The study, published in America's Journal of Pain,found that those who cursed doubled the time they could withstand the "ice-water challenge" - how long they could hold their hands in a container full of ice-water.

The mechanism, the scientists say, is simple; swearing elicits an emotional response leading to what is termed "stress-induced analgesia", also known as the "fight or flight" response, along with a surge of adrenalin.

Cut to, Mel Gibson. If this serious scientific research is accurate (and we suspect that it is), then I am happy to report that Mr. Mel Gibson's profanity filled tirades are having a curative effect. Based on the volume and severity of his eruptions, the Mel Gibson we  once knew and loved should be returning to us any day now.

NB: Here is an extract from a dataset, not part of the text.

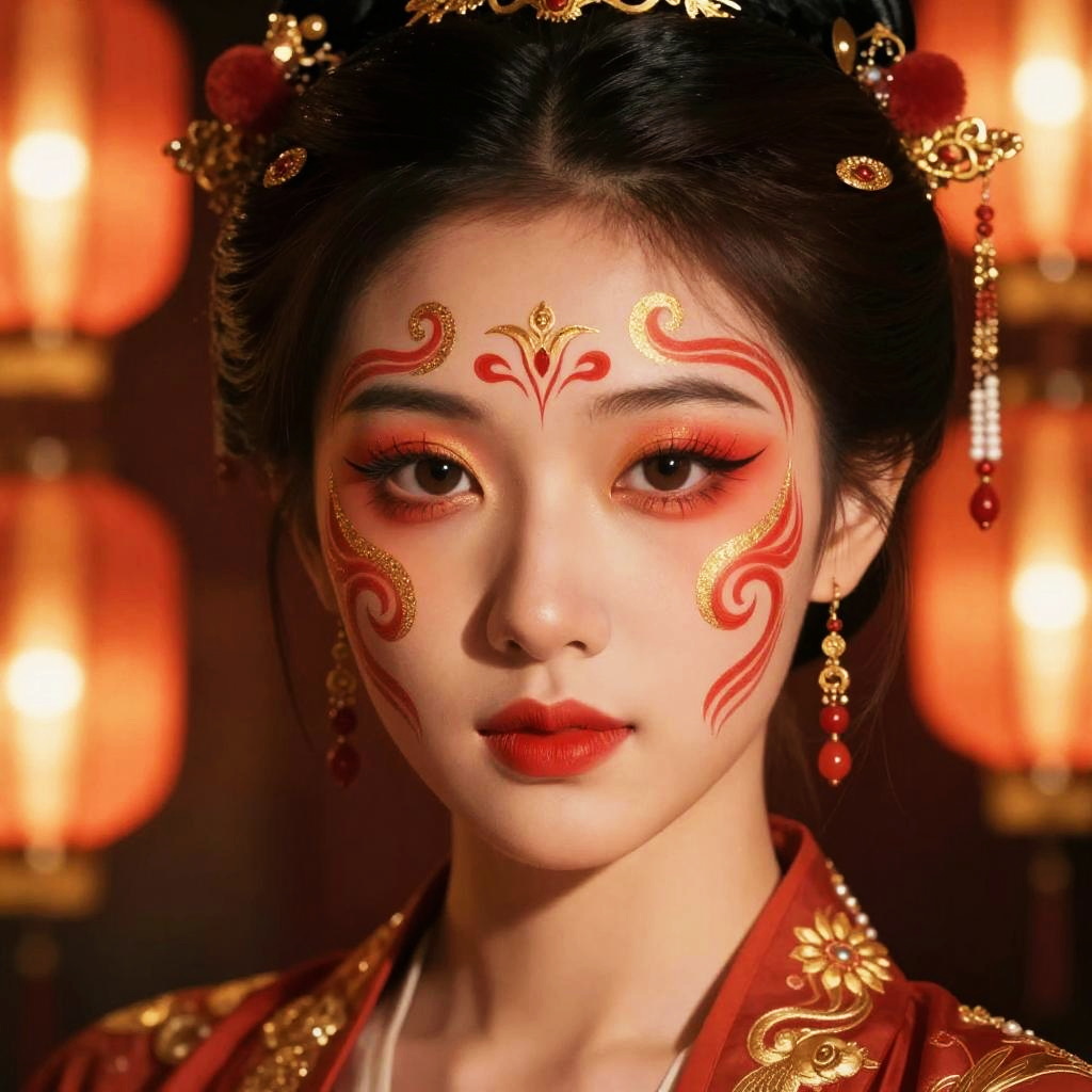 Chinese face filter, a vibrant digital portrait of a young woman with traditional red and gold makeup patterns swirling elegantly across her face, soft glowing lanterns in the background, intricate details, warm festive lighting, artistic fusion of modern and ancient styles.

Mel is just a few curses away from complete happiness. Feel the healing power of every stinging sewage seeped syllable that spills from Mel's lips. Every outburst is one step closer to closure. Psychiatrists, step aside. Spiritual advisers: pack your bags. All Mel really needs is a couple more rage fueled rants and he'll be kicking all of you bums off of the payroll. The last laugh will be on you!

My advice to Mel Gibson is this: No more holding back!Let it all hang out Mel! Here's a little reminder of the head space that you need to get to:

Will you please stop coddling these people? No more Mr. Nice Guy! 

P.S. - Hey Mel, did you know that the original meaning of the adjective "profane" derives from the Latin meaning "in front of" and "outside the temple". It refers to items not belonging to the church. For example, "The fort is the oldest profane building in the town, but the local monastery is older".